**Data records:**

=====

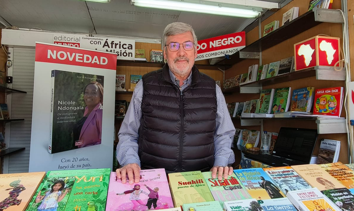 Jaime Calvera llega a la Feria del Libro de Salamanca con las últimas novedades de su editorial, Mundo Negro, de los Misioneros Combonianos. Después de 16 años como misionero en Sudáfrica, conoce bien este continente y narra con pasión cada libro expuesto para el público de Salamanca.
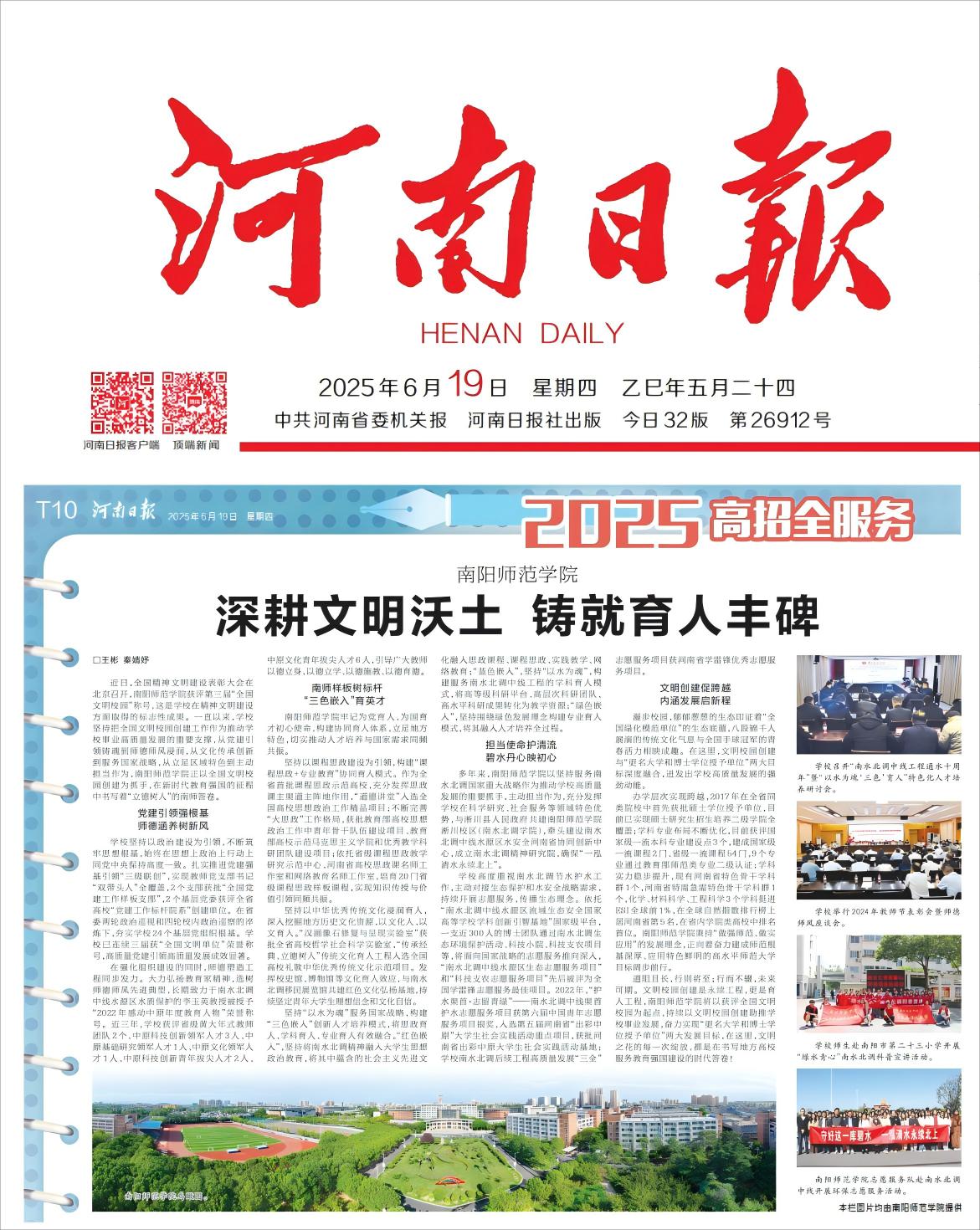 2025年6月19日,《河南日报》T10版刊发文章《新葡萄8883官网AMG:深耕文明沃土 铸就育人丰碑》,全文如下:
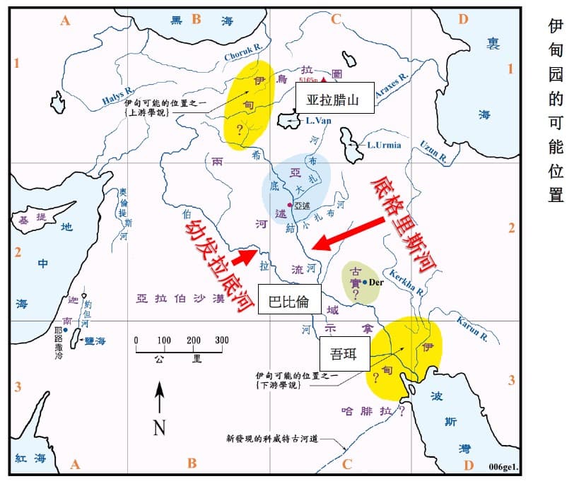 1. 伊甸:根据苏美尔文,“伊甸”是草原或野地。闪族语“伊甸”,解“富庶”或“喜悦”。洪水后地形改变,精准位置无法确定。不过,学者从圣经能大概推断它的位置。创2:10-14记与伊甸园有关的四条河流(比逊、基训、希底结、伯拉河)、三个地区(哈腓拉、古实、亚述)。经圣经学者和考古学家考究,其中希底结河、伯拉河地点可确定。新标点和合本/和修本将希底结河译为底格里斯河,伯拉河则译为幼发拉底河。所以,可推断伊甸园在两河流域,即美索不达米亚一带。学者比较公认的说法有两个:一是“上游说”(伊甸园在两河流域的源头,两河流域北部);一是“下游说”(伊甸园在波斯湾北端,底格里斯河和幼发拉底河的入海处,美索不达米亚南部)。可参考附上的地图。
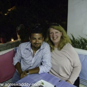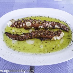 She tells us a lot about herself – through her fathers job she had travelled extensively around the world as a child. Her husband works for an airline and they had at one time lived in Nigeria. In between conversations about photography (at times it turns into a photography lesson) we order our meal. I don’t think Peter wants to spend so much time wrestling with his food tonight and also we are spoilt for choice on the menu. We decide to order a mixture of things including octopus, zucchini fritters, aubergine salad, local cheese and a Greek salad.
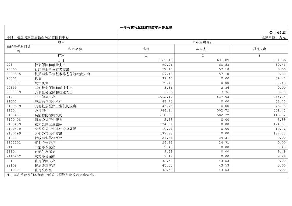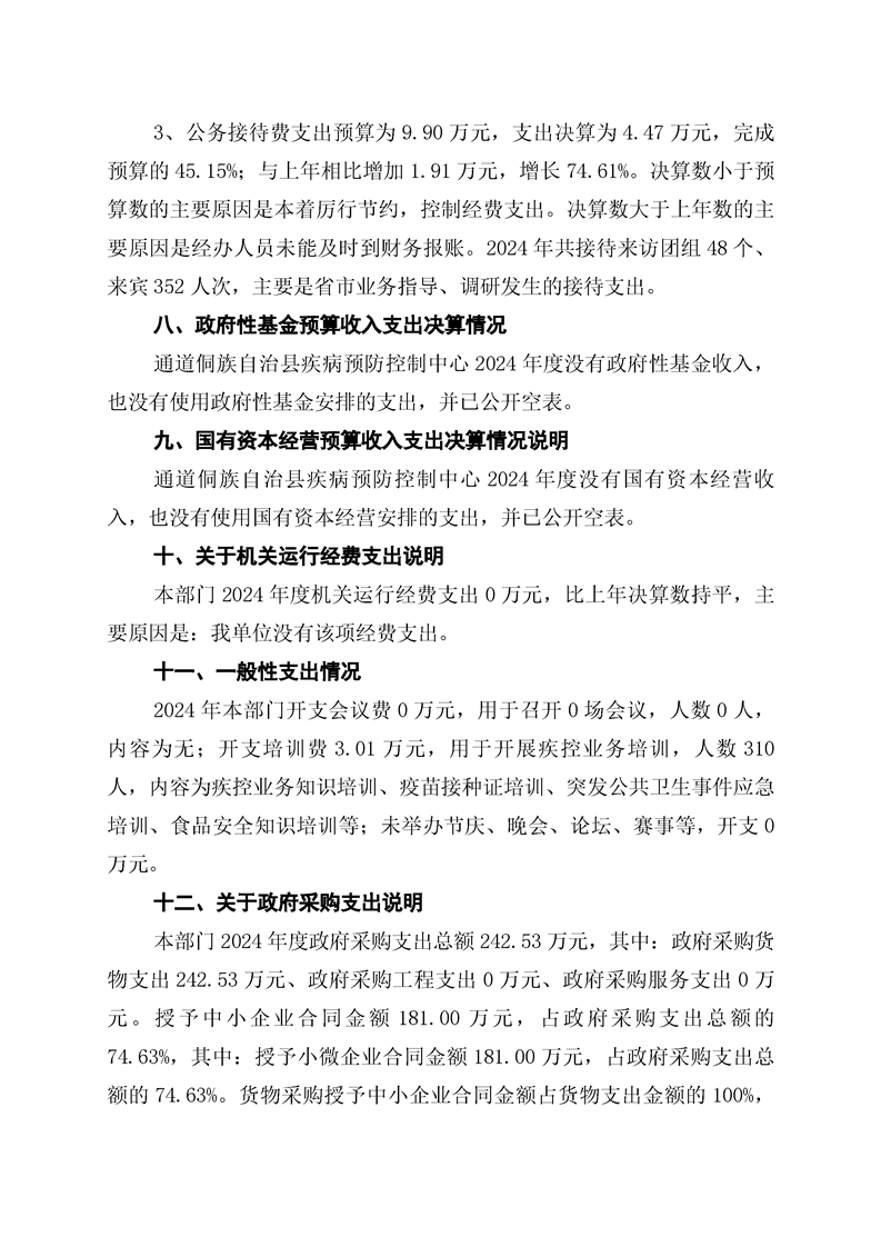通道侗族自治县疾病预防控制中心2024年部门决算公开说明

=====

**Aim of the task:** Ignore the images and quote every line of the listing exactly.

**Answer for this exercise:**
 Jaime Calvera llega a la Feria del Libro de Salamanca con las últimas novedades de su editorial, Mundo Negro, de los Misioneros Combonianos. Después de 16 años como misionero en Sudáfrica, conoce bien este continente y narra con pasión cada libro expuesto para el público de Salamanca.
 2025年6月19日,《河南日报》T10版刊发文章《新葡萄8883官网AMG:深耕文明沃土 铸就育人丰碑》,全文如下:
 1. 伊甸:根据苏美尔文,“伊甸”是草原或野地。闪族语“伊甸”,解“富庶”或“喜悦”。洪水后地形改变,精准位置无法确定。不过,学者从圣经能大概推断它的位置。创2:10-14记与伊甸园有关的四条河流(比逊、基训、希底结、伯拉河)、三个地区(哈腓拉、古实、亚述)。经圣经学者和考古学家考究,其中希底结河、伯拉河地点可确定。新标点和合本/和修本将希底结河译为底格里斯河,伯拉河则译为幼发拉底河。所以,可推断伊甸园在两河流域,即美索不达米亚一带。学者比较公认的说法有两个:一是“上游说”(伊甸园在两河流域的源头,两河流域北部);一是“下游说”(伊甸园在波斯湾北端,底格里斯河和幼发拉底河的入海处,美索不达米亚南部)。可参考附上的地图。
 She tells us a lot about herself – through her fathers job she had travelled extensively around the world as a child. Her husband works for an airline and they had at one time lived in Nigeria. In between conversations about photography (at times it turns into a photography lesson) we order our meal. I don’t think Peter wants to spend so much time wrestling with his food tonight and also we are spoilt for choice on the menu. We decide to order a mixture of things including octopus, zucchini fritters, aubergine salad, local cheese and a Greek salad.
通道侗族自治县疾病预防控制中心2024年部门决算公开说明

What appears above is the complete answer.